In the present studies, we have shown that forced expression of an activated Akt in CDDP sensitive NSCLC resulted in a marked decrease in both p53 and P-p53 contents regardless of the presence of CDDP (Fig. 4). In addition, activation of Akt suppressed CDDP-induced apoptosis in a p53-dependent-manner. Taken together, these findings support the notion that Akt is involved in the regulation of p53 contents and its mediated apoptosis in NSCLC.

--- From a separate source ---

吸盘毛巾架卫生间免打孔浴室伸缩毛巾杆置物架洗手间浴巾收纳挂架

Although EGFR and TP53 genes are frequently mutated in NSCLC, their role and interaction in regulating chemosensitivity have not been fully elucidated. Moreover, whether p53 is involved in the regulation of EGFR in NSCLC is unclear. Although p53 has been shown to negatively regulate PI3K gene transcription , whether p53 controls EGFR activation and chemosensitivity in NSCLC, is not known. In the present study, reconstitution of p53 null cells with wild type p53 down-regulated EGFR and p-EGFR content, and increased the P-EGFR/EGFR ratio in the presence of CDDP, suggesting that p53 is required for EGFR down-regulation and CDDP-induced apoptosis (Fig. 2).

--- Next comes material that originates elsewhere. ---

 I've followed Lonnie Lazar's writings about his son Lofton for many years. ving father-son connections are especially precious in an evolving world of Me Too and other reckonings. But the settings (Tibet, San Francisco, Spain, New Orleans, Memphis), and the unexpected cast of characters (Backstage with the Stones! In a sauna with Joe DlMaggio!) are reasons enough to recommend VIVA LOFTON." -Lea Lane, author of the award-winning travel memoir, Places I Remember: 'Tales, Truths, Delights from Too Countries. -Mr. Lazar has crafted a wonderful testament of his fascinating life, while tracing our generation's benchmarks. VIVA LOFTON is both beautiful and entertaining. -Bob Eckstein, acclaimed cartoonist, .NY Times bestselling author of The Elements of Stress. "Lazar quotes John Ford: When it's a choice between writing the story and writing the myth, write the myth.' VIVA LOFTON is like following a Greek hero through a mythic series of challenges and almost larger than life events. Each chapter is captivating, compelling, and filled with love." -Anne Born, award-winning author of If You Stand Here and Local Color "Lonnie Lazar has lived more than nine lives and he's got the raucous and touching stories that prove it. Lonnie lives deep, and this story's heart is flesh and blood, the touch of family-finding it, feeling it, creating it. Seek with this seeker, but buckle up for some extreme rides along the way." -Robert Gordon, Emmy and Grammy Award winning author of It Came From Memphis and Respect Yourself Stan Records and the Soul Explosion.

Elevated production of ROS function is an effector of apoptosis in cancer cells  and, depending on its intracellular level, ROS could play a dual role. At low intracellular level, ROS activation is required for stimulation of various growth factors and cytokines, and it regulates downstream signaling pathways, leading to specific cellular functions . When the cells are stressed by external stimuli like CDDP, ROS concentration is markedly increased, inhibiting cell cycle progression and inducing apoptosis . It has been reported that CDDP accumulates in mitochondria and forms adducts with mitochondrial DNA, leading to the impaired synthesis of proteins involved in electron transport chain and increased intracellular ROS level [49, 50]. However, the mechanism of CDDP-induced generation of ROS and their contribution to cisplatin cytotoxicity in cancer cells is poorly understood.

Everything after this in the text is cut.